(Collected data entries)
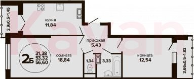 Квартира в ЖК «Гулливер» (ЕкатеринодарИнвестСтрой) литер 3 очередь 2, Кирпично-монолитный, 3 к.кв., 53.32 кв.м., 15/24, высота потолков: 2.72 м, жилая площадь: 31.38 кв.м., возможна ипотека, возможна военная ипотека, площадь кухни 11.84 кв.м.,
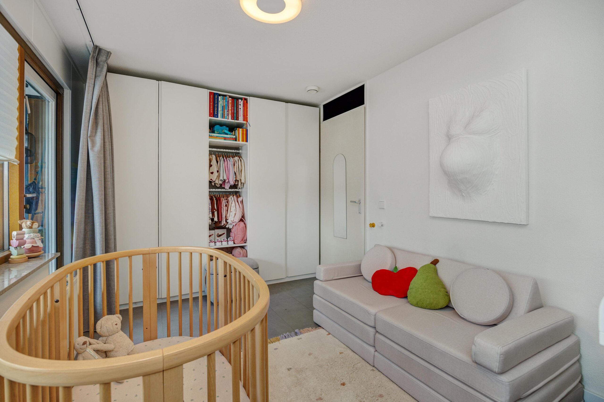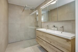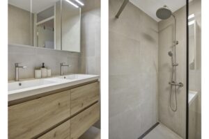 De badkamer is in 2024 vernieuwd en heeft een strakke, moderne uitstraling. Hier vind je een breed wastafelmeubel met dubbele wastafel, een praktische spiegelkast en een ruime inloopdouche met dubbele easy drain. Tegenover de badkamer bevinden zich een separate toiletruimte en een handige bergkast met de opstelling voor de wasapparatuur, de cv-ketel (Intergas, 2016) en de WTW-unit.
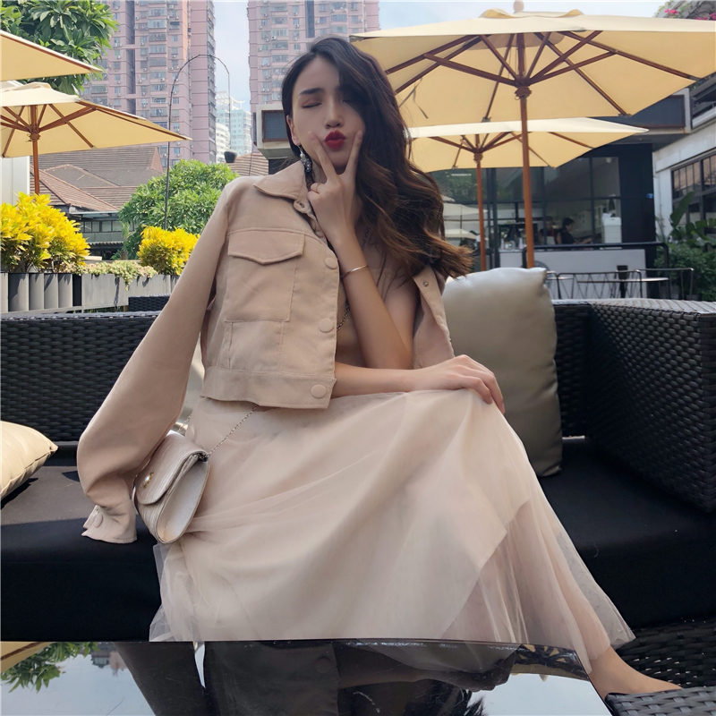 時尚套裝女新款韓版氣質吊帶燈芯絨拼接網紗連衣裙短款外套兩件套
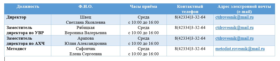 ЧАСЫ ПРИЕМА АДМИНИСТРАЦИИ МБОУ ДО ЦДТ «Ровесник»
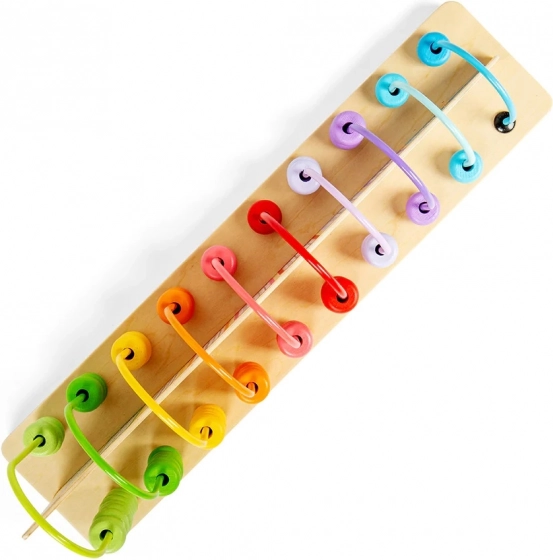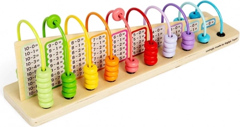 Toto drevené dúhové počítadlo je dokonalým nástrojom pre výuku sčítania a odčítania. Deti si pri tejto hračke precvičia kognitívny rozvoj, zlepšia svoju koordináciu ruka-oko a osvoja si trpezlivosť a logické myslenie. Počítadlo obsahuje celkom 56 farebných dielikov vrátane 55 korálok a jedného dreveného panelu.
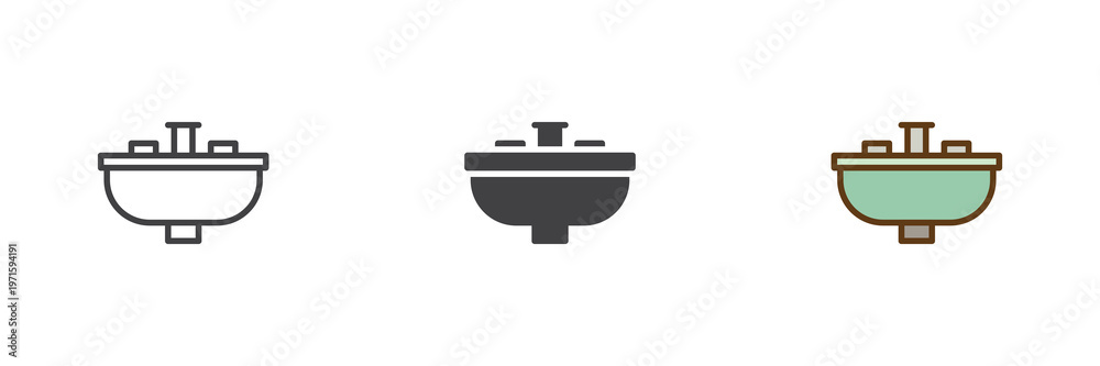 Sink with faucet icon set in line, outline and solid styles. Sink icon with editable stroke vector sign, water symbol, kitchen or bathroom fixture icon. #1971594191
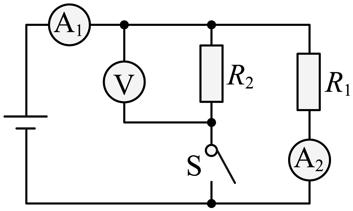 3、如图所示电路,电阻 , 。闭合开关S,电流表的示数与的示数之比为;断开开关S,电压表V的示数将会变为V。
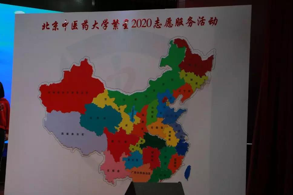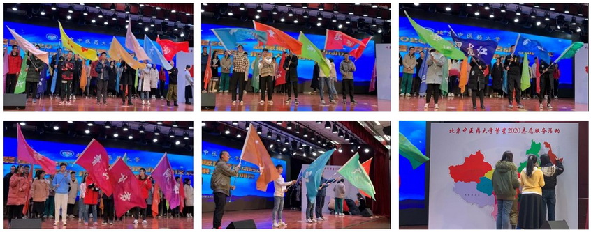 各省份志愿团团长完成祖国拼图,摇动省份代表旗帜,励志点亮北中医学子足迹,将北中医精神播散在祖国大地上。
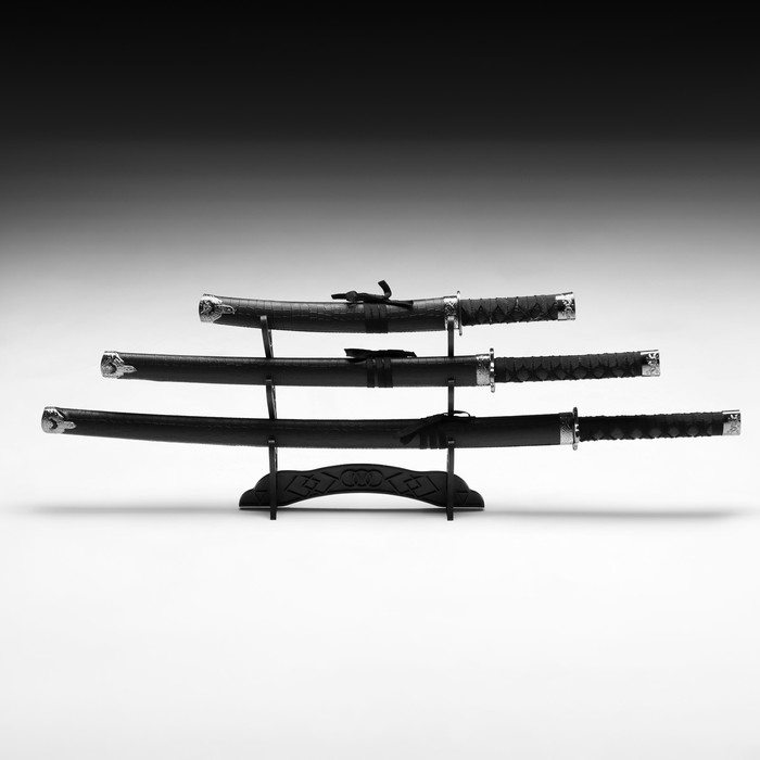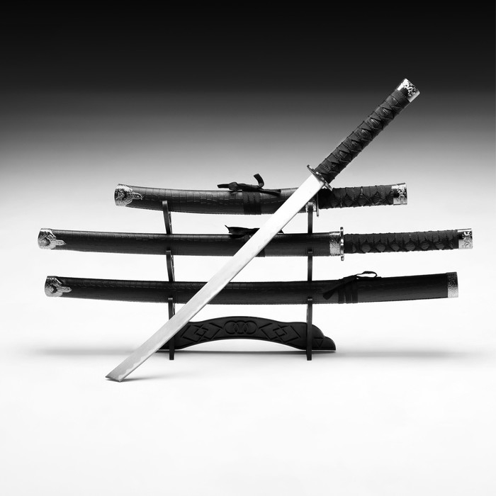 Сув. изделие катаны 3в1 на подставке, ножны кожзам, питон черный, матовый 46/70/89см
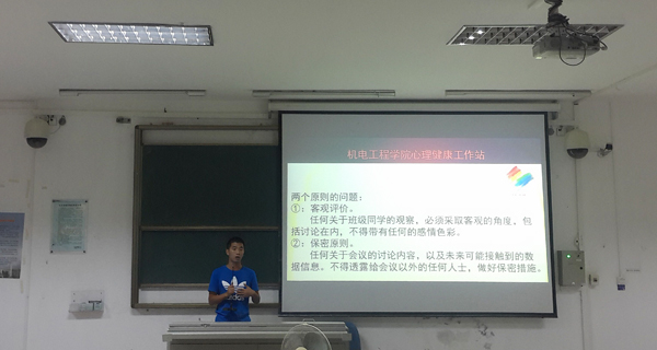 10月16日晚,Beat365官网心理工作站于3教110召开2016-2017学年首次见面会暨心理委员培训会。心理辅导员余梦月老师、工作站新老成员共计40人参加本次大会,会议由闪黎军主持。
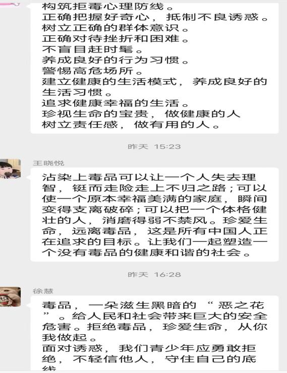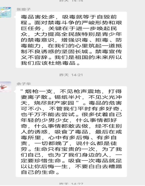 社201班团支部则通过线上教学的形式,带领同学们学习禁毒歌曲《生命》,通过亲身参与的方式,增强了同学们对于禁毒活动的参与感,使同学们对于毒品的拒绝内化于心,外化于行。

#### PROMPT:
This calls for an exact copy of all the entries above, with the pictures omitted.

#### RESPONSE AREA:
 Квартира в ЖК «Гулливер» (ЕкатеринодарИнвестСтрой) литер 3 очередь 2, Кирпично-монолитный, 3 к.кв., 53.32 кв.м., 15/24, высота потолков: 2.72 м, жилая площадь: 31.38 кв.м., возможна ипотека, возможна военная ипотека, площадь кухни 11.84 кв.м.,
 De badkamer is in 2024 vernieuwd en heeft een strakke, moderne uitstraling. Hier vind je een breed wastafelmeubel met dubbele wastafel, een praktische spiegelkast en een ruime inloopdouche met dubbele easy drain. Tegenover de badkamer bevinden zich een separate toiletruimte en een handige bergkast met de opstelling voor de wasapparatuur, de cv-ketel (Intergas, 2016) en de WTW-unit.
 時尚套裝女新款韓版氣質吊帶燈芯絨拼接網紗連衣裙短款外套兩件套
 ЧАСЫ ПРИЕМА АДМИНИСТРАЦИИ МБОУ ДО ЦДТ «Ровесник»
 Toto drevené dúhové počítadlo je dokonalým nástrojom pre výuku sčítania a odčítania. Deti si pri tejto hračke precvičia kognitívny rozvoj, zlepšia svoju koordináciu ruka-oko a osvoja si trpezlivosť a logické myslenie. Počítadlo obsahuje celkom 56 farebných dielikov vrátane 55 korálok a jedného dreveného panelu.
 Sink with faucet icon set in line, outline and solid styles. Sink icon with editable stroke vector sign, water symbol, kitchen or bathroom fixture icon. #1971594191
 3、如图所示电路,电阻 , 。闭合开关S,电流表的示数与的示数之比为;断开开关S,电压表V的示数将会变为V。
 各省份志愿团团长完成祖国拼图,摇动省份代表旗帜,励志点亮北中医学子足迹,将北中医精神播散在祖国大地上。
 Сув. изделие катаны 3в1 на подставке, ножны кожзам, питон черный, матовый 46/70/89см
 10月16日晚,Beat365官网心理工作站于3教110召开2016-2017学年首次见面会暨心理委员培训会。心理辅导员余梦月老师、工作站新老成员共计40人参加本次大会,会议由闪黎军主持。
 社201班团支部则通过线上教学的形式,带领同学们学习禁毒歌曲《生命》,通过亲身参与的方式,增强了同学们对于禁毒活动的参与感,使同学们对于毒品的拒绝内化于心,外化于行。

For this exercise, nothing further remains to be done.